Luftschnappen mit Burgblick

Vorerst wird die Schule lediglich die leerstehenden Büros nutzen. Ein Vertrag über eine Zwischennutzung wurde mit der holländischen Fondsgesellschaft abgeschlossen, der die Immobilie gehört.

Langfristig jedoch will man wachsen und zwei weitläufige Etagen im Osten des denkmalgeschützten Versandzentrums ausbauen. Auf der riesigen Terrasse des ehemaligen Quelle-Gartencenters wird der Pausenhof installiert - Luftschnappen mit Burgblick.

3000 Quadratmeter

Insgesamt 16 Objekte besichtigte die Elterninitiative im Stadtgebiet. Zuletzt habe man sich von Oberbürgermeister Ulrich Maly davon überzeugen lassen, dass Quelle trotz des problematischen Umfelds doch die richtige Adresse sei. Langfristig werde die Privatschule 3000 Quadratmeter nutzen, so Schulsprecher Bernd Beisse. Das zweite reformpädagogische Jenaplan-Gymnasium in Deutschland will seine Arbeit in zunächst vier altersübergreifenden Stammgruppen mit je 25 Schülern beginnen, die immer von zwei Lehrkräften unterrichtet werden. Noch bis zum 31. März läuft die Anmeldefrist.

Der Leidensdruck im staatlichen Schulsystem sei «unglaublich groß«, hieß es gestern unter Hinweis auf G8 und chronisch überfüllte Schulklassen. Dass ein rhythmisiertes Ganztageskonzept, fächerübergreifendes Lernen und eine an den neuesten Erkenntnissen der Hirnforschung ausgerichtete Pädagogik auf viel Interesse stößt, belegen laut Andreas Fürsattel vom Vorstand die bereits vorliegenden 300 Anmeldungen. Trotzdem hofft man auf weit mehr Zuspruch, denn viele Eltern meldeten sich doppelt und dreifach bei mehreren Schulen an. Außerdem werden im Jenaplan-Gymnasium Kinder für die fünfte bis siebte Klasse aufgenommen. Man setzt also auch auf ältere Schüler, die in den Lerngruppen nach Jenaplan eine wichtige Rolle spielen.

Nicht elitär

Trotz des monatlichen Schulgelds von 325 Euro will die Initiative «alles andere als elitär« sein. Wer bedürftig ist oder bereits Geschwister an der Schule hat, müsse weniger zahlen. Um das zu finanzieren, wurde eine Stiftung gegründet, die das neue Gymnasium mit unterstützen soll.

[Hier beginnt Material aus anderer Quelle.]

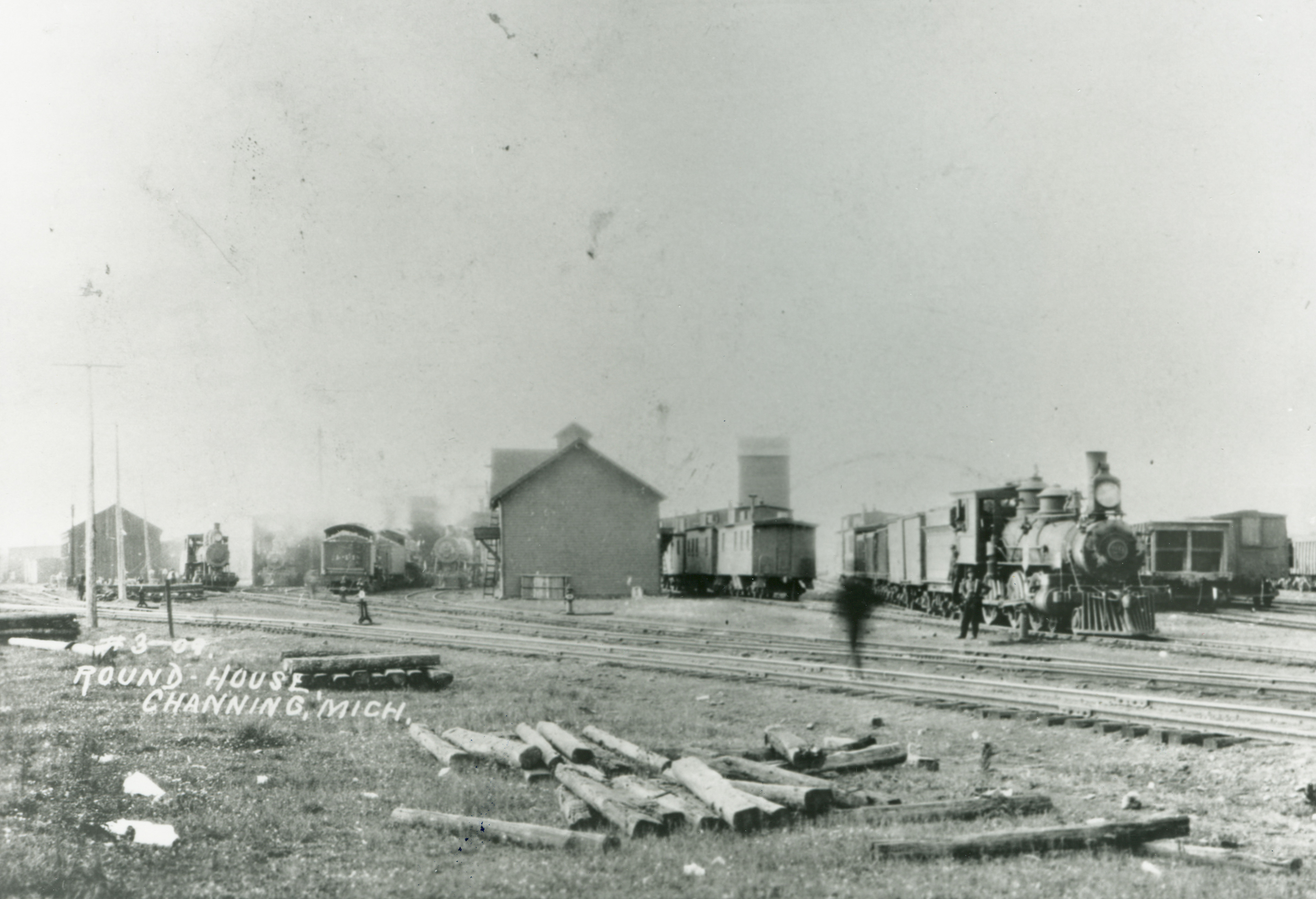 Photograph of Channing's railroad yards shows the round house, center, and other railroad buildings. Note the three steam engines and the railroad ties stacked and scattered in the foreground. 'Round House Channing, Mich.' is printed on the photograph.

Die Initiatoren zitierten aus Untersuchungen, nach denen Familien durchschnittlich 150 Euro für den Nachhilfeunterricht ihrer Kinder ausgeben. Diese Summe müsse man zum Schulgeld in Relation setzen. Nachhilfe bräuchten Jenaplan-Kinder im Ganztagsbetrieb bestimmt nicht.

Informationsabend

Wie Bernd Beisse, Andreas Fürsattel und Ulrike Eulitz vom Genossenschaftsvorstand haben auch andere interessierte Eltern bereits Erfahrung mit der Unterrichtsform, die der Pädagoge Peter Petersen in den 30er Jahren des letzten Jahrhunderts an der Universität Jena entwickelt hat. Seit sieben Jahren gibt es in Nürnberg eine Jenaplan-Grundschule in der Pillenreuther Straße. Aus der Elternschaft dort kam auch die Initiative für das neue Gymnasium.

Ein Informationsabend für das künftige Jenaplan-Gymnasium findet am Montag, 22. Februar, 19.30 Uhr, im Südpunkt an der Pillenreuther Straße 147 statt.